An attractive alternative to buying property is to take out development options, says David Clinger, president of Denver-based consulting firm Land Planners. “Builders should only option a piece of ground, not buy it,” he says. Options allow builders to reserve the right to build on a property for a set period for a fee, and if they decide not to go ahead with a project, they can walk away without the obligations of ownership. Option fees that have already been paid, however, are forfeited.
In any economic environment, the location of buildable lots is essential to successful development. Never has this been more critical, as the next housing recovery will likely be uneven with certain areas expected to bounce back much faster than others. Regions that have a fast-growing population and rising average incomes are poised for the quickest recovery. Within most regions, certain types of properties will take longer than others to rebound in value.

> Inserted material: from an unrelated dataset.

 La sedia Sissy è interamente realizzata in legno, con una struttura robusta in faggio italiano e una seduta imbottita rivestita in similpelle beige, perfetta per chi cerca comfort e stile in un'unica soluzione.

“The biggest areas for defaults are the inner city and outer suburbs,” says John McIlwaine, senior fellow with the Urban Land Institute. Outlying suburban areas that have spawned tracts of so-called McMansions this decade have a few negatives to overcome, McIlwaine points out. The high cost of gasoline and growing pressure to reduce greenhouse gas emissions add up to a less favorable public view of the automobile culture, he says. Many people are fed up with driving long distances through heavy traffic. Unless outlying suburban properties are within easy access to commuter rail or other public transportation, they may miss out entirely on a home building recovery.
Although vacant sites that had been earmarked for large-lot homes in the outer suburbs may not be desirable for single-family construction for many years, if ever, they may be repurposed for
more easily saleable development. Though many builders have been concentrating on traditional single-family construction, they may have to refocus on alternative residential construction. Planned communities that are compact and walkable, mixed used development, 55-and-older housing, and affordable, high-density housing may all be sound alternatives for builders and investors in the near term, Clinger says. These types of properties, however, must usually be rezoned and re-permitted first.

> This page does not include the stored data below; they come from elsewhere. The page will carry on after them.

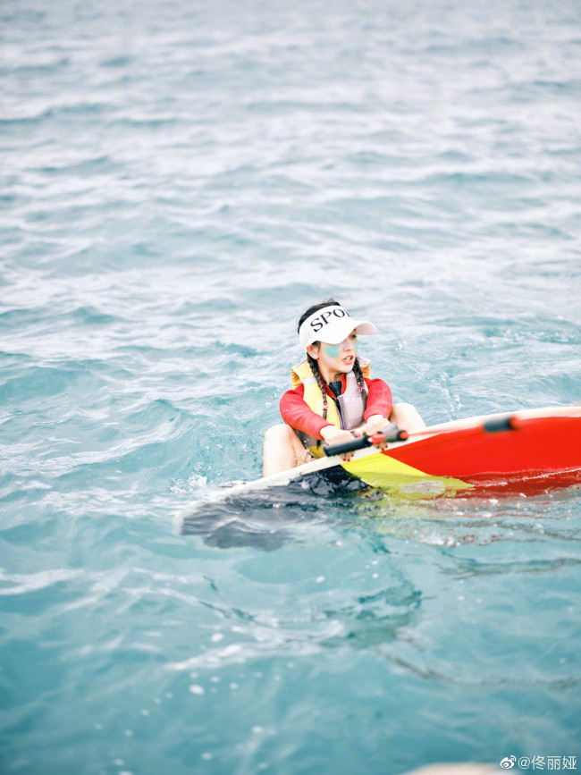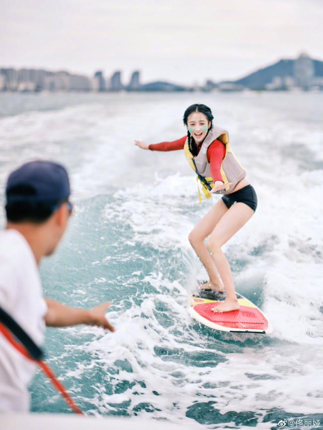 佟丽娅玩冲浪长腿吸睛 扎麻花辫元气活力
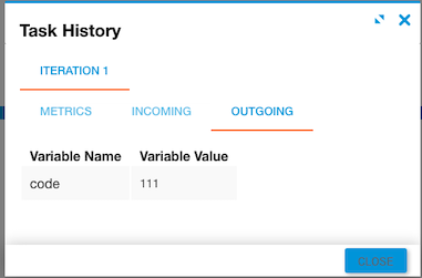 Once the workflow is executed, the code value is displayed under the Outgoing tab in Task History, accessed from Jobs in Operations Manager. The character code 111 is equal to the lowercase letter "o".
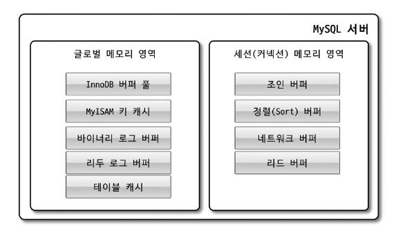 글로벌 메모리 영역은 MySQL 서버가 시작되면서 운영체제로부터 할당되며 모든 쓰레드에 공유됩니다.

On a recent trip to Austin, Texas, Clinger took note of a dramatic difference in the activity of two nearby developments.One, the site of a traditional suburban development of a large builder had infrastructure in place, but little construction activity. “Just a half-mile closer to the city in a lifestyle project, sales were ahead of construction,” he says. This could very well portend a shift in the residential construction industry.
Clinger also noted a successful development under construction that puts 11 units of housing on each acre. Such high-density developments that yield affordable housing might just be the kind of projects that keep home builders alive in the next decade, Clinger says. Smaller homes on in-fill lots are another development that could help relieve a slowdown in large-lot suburban construction.
If anything is clear in these uncertain times, it's that the success formula for home builders of the past 15-plus years needs to be adjusted. With so much change in the air, many builders are going to have to reexamine their outlook on land assets. The goal is to unload the least desirable lots and hold or acquire lots that are most likely to yield sales most quickly. It's easier said than done, but those who succeed may well thrive when the housing market recovers, while those who fail get their land positions in order may have to close up shop.